Доктор пожал плечами:
— Не вижу смысла. Не успеют.
— Ну и ладно. А то кого обвинять? А так ни тебе правых, ни тебе виноватых…
Но разбираться все-таки пришлось. По прошествии трех четвертей часа после этого разговора, когда полицмейстер уже отбыл, Родий открыл свои черные, как смола, глаза, повернулся, сел, потрогал повязку на груди, спросил у доктора:
— Карабин мой небось у Франца Гансовича?
Доктор оторопело кивнул.
— Ну, тогда я пошел. До свидания, Мадам. Я к вам еще зайду. Можно?

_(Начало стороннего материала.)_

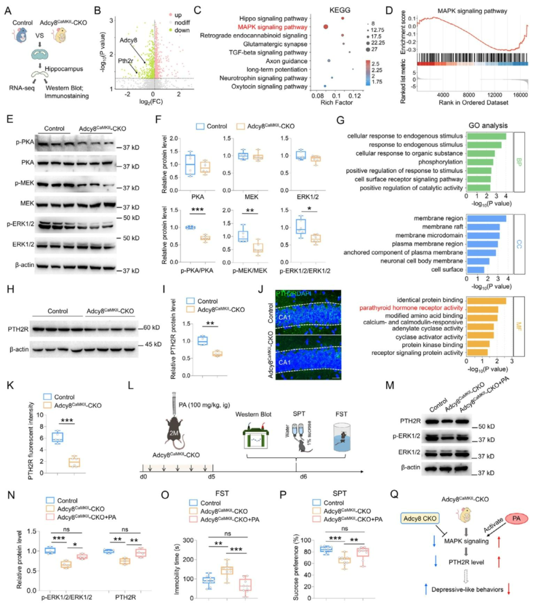 为深入探究Adcy8调控抑郁样行为与突触功能的分子机制,研究对Adcy8CaMKII-CKO小鼠海马组织进行RNA测序分析。结果显示,Adcy8敲除后海马基因表达谱发生显著改变,其中MAPK信号通路相关基因集显著下调(图6A-D)。蛋白水平验证进一步表明,Adcy8CaMKII-CKO小鼠海马中p-PKA、p-MEK、p-ERK1/2等MAPK通路关键蛋白磷酸化水平降低(图6E、F)。GO富集分析发现差异表达基因在甲状旁腺激素受体活性等方面显著富集;进一步筛选显示,甲状旁腺激素2受体(PTH2R)编码基因Pth2r在敲除小鼠中表达显著下降(图6G)。Westernblot及免疫染色证实Adcy8CaMKII-CKO小鼠海马PTH2R蛋白水平降低(图6H-K),这一变化与慢性应激小鼠中的表型一致。为验证MAPK信号下调是否介导PTH2R减少及行为表型,研究给予Adcy8CaMKII-CKO小鼠ERK1/2选择性激动剂PA干预后,小鼠海马p-ERK1/2及PTH2R蛋白水平均得以恢复(图6M、N),且抑郁样行为显著改善(图6O、P)。综上,Adcy8可能通过cAMP-MAPK信号轴调控PTH2R表达,进而影响抑郁样行为,PTH2R是该通路中关键的下游效应分子(图6Q)。

И действительно, в течение следующих трех лет Родий Ликин, когда бывал в Малом Париже, если не ежедневно, то раз в неделю всенепременно под вечер, а то и среди бела дня наведывался в бордель.
Карабин ему вернули. Дело же замяли не столько потому, что постаревший скототорговец Исай Ликин был фигурой значимой, не столько потому, что Штитман давно уже мешал, сколько потому что знал слишком много и вел себя слишком нагло, особенно с теми, с кем вести себя так не следовало. Было решено, что убийство охотника — вынужденная самооборона.
— …имея такую рану, покойный Штитман не мог не только попасть в молодого Ликина, но и выстрелить даже один раз не мог, однако в револьвере покойного — две стреляных гильзы, и показания свидетелей подтверждают, что в инциденте было произведено три выстрела. Это дает нам основания со всей уверенностью считать, что Штитман выстрелил первым и даже опасно ранил Родия Ликина, следовательно, выстрел Родия Ликина есть оборона, и, учитывая тяжесть нанесенной ему раны, обоснованная. Единственное, что можно было бы вменить Родию Ликину, его несколько провокационное поведение и нахождение на месте инцидента с оружием, однако, учитывая юный возраст и сопутствующий этому вспыльчивый характер, а также тот факт, что Родий Ликин пострадал в этом происшествии, мы считаем возможным освободить его от наказания… — приблизительно такую речь произнес Франц Гансович Манке, тем самым давая Родию Ликину свободу.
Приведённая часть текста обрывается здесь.